Nessa partida, o mais difícil é sobreviver às ausências infligidas pelo correr das décadas. Aprendemos a suportar os peões que tombam aos montes, o cavalo abatido em pleno salto ou a torre derrubada ali na esquina. Mas outras lacunas nos ferem com gravidade e nos enfraquecem irremediavelmente. Perdemos nossos ícones primordiais e vamos à lona em câmera lenta, enquanto o adversário sorri do outro lado – afinal, ele tem todo o tempo do mundo à sua espera. Eu mesmo perdi um desses ícones de infância há bem pouco tempo, como já havia perdido outros em anos mais remotos. Percebemos, então, que o tabuleiro está ficando vazio, como uma terra devastada pela cinza das horas.

Mas não nos despedimos apenas de pessoas. Com elas, vão-se embora também as referências de um tempo em que a vida parecia mais simples e idílica, por mais difícil que fosse em realidade. Perdemos a inocência, e com ela as certezas e convicções inabaláveis. É  mais ou menos o que disse o espanhol Enrique Vila-Matas no livro Chet Baker Pensa na sua Arte: “Acaso a vida não era melhor quando não tínhamos a menor sombra de dúvida sobre quem éramos? Mas já é difícil que se possa voltar a ser um coração simples, sobretudo quando se conseguiu chegar a saber que o mundo inteiro é denso e estranho, tão estranho que, precisamente, o inalcançável se situa no nosso interior.”

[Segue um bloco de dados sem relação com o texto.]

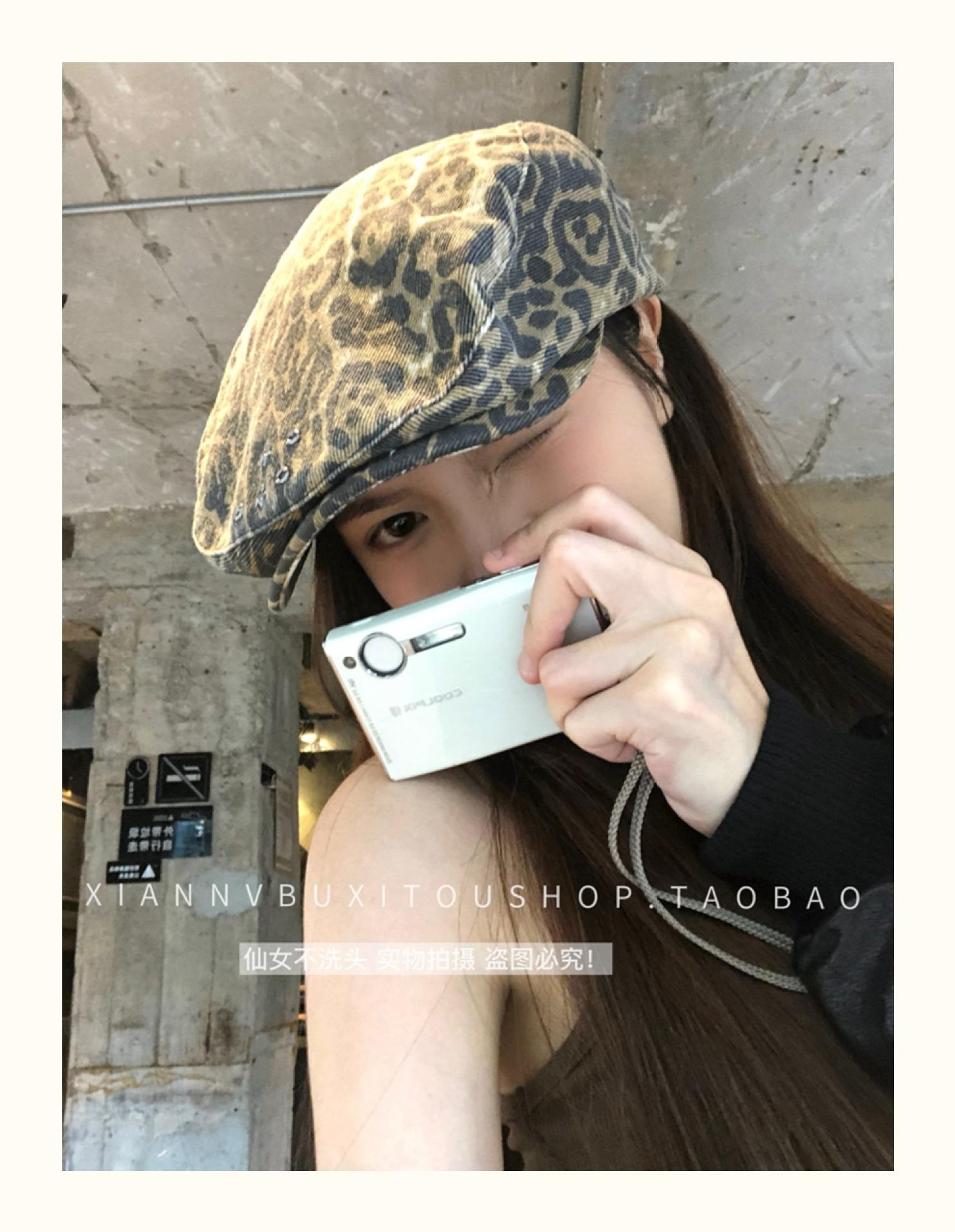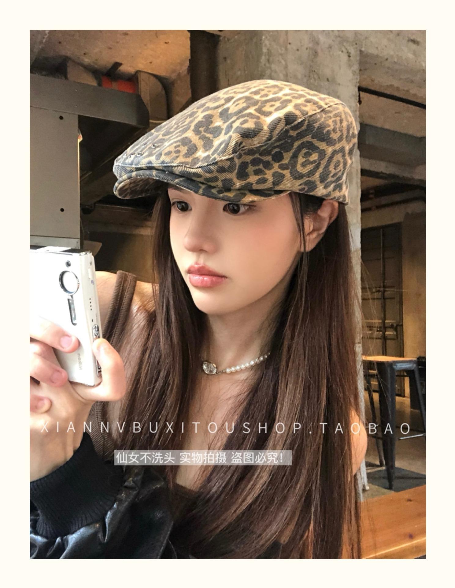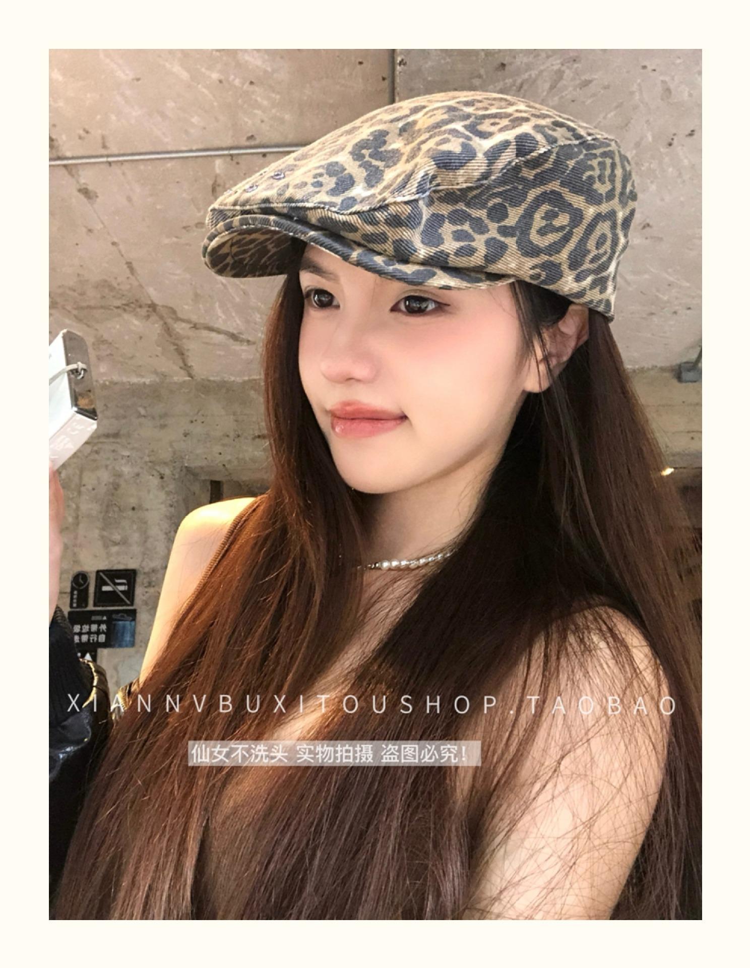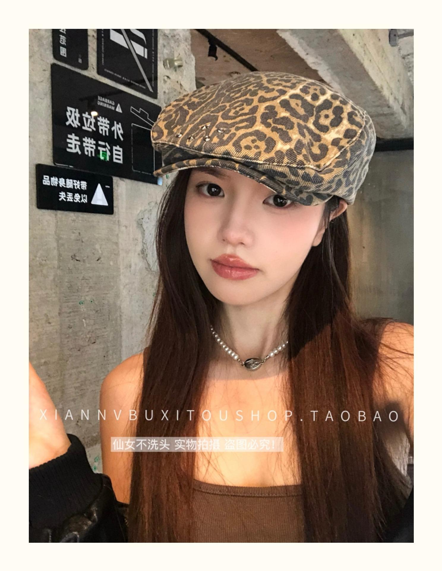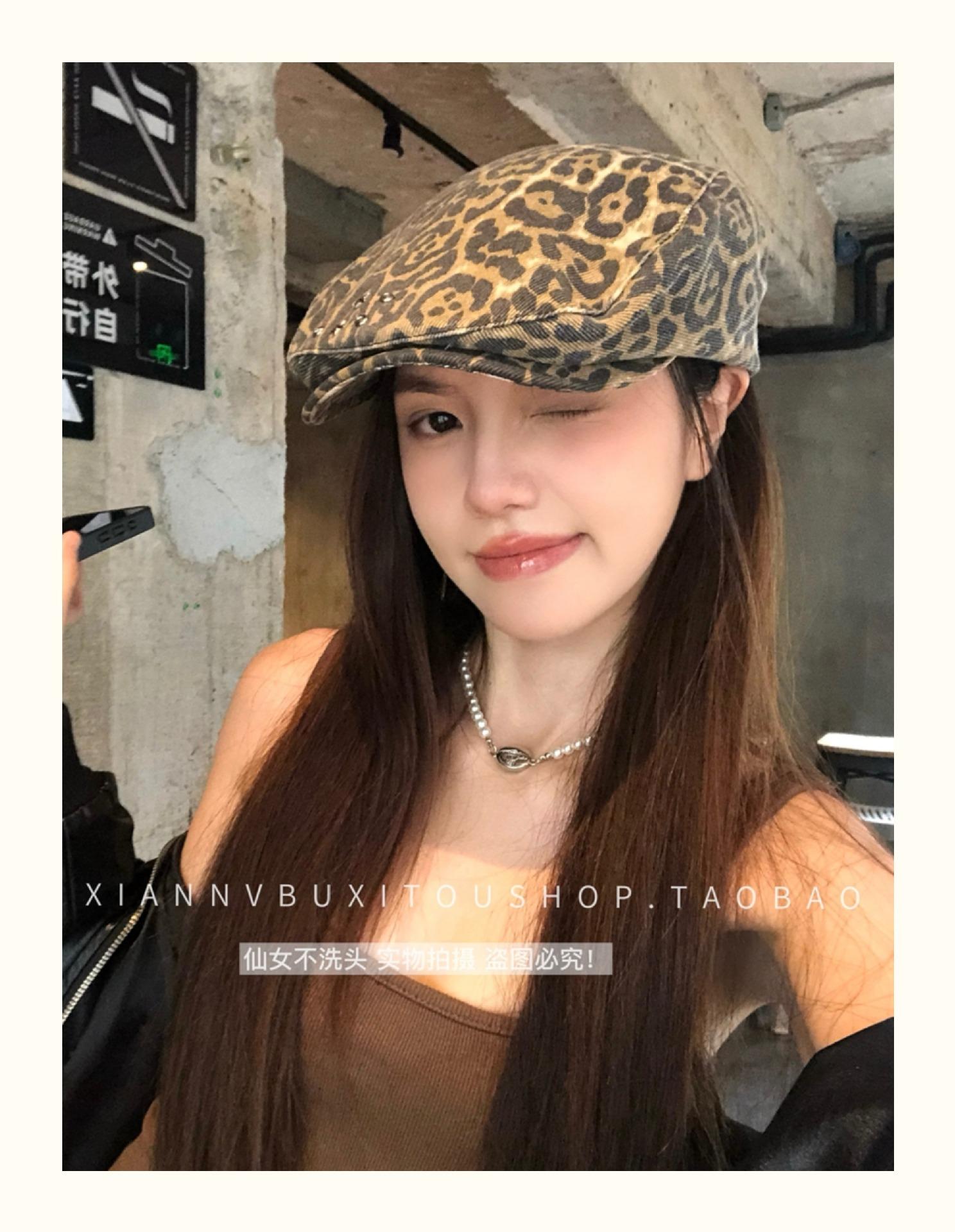 Y2K Cabeza Grande Ware Diseño Nicho Estampado Leopardo Retro Sombrero Avanzado Moda Femenina Estilo Americano Chica Caliente Showface Sombrero Pequeño Bailey

Uma vez, entrevistei o poeta argentino Juan Gelman e ele me disse que uma infância feliz é a pátria mais invulnerável. Um território ao qual podemos voltar sempre que a realidade nos devora. Um reino de Nárnia para além do fundo do armário, onde voltamos a ser onipotentes. Sim, essa pátria permanece, apesar das quedas em sequência que o adversário nos obriga a vivenciar. Mas creio que uma parte dela, seja um muro ou um campanário, acaba se esfacelando com o passar do tempo e se convertendo em um misto de resignação e desespero. É quando descobrimos que o mundo é denso e estranho, como disse Vila-Matas, e somos incapazes de domá-lo.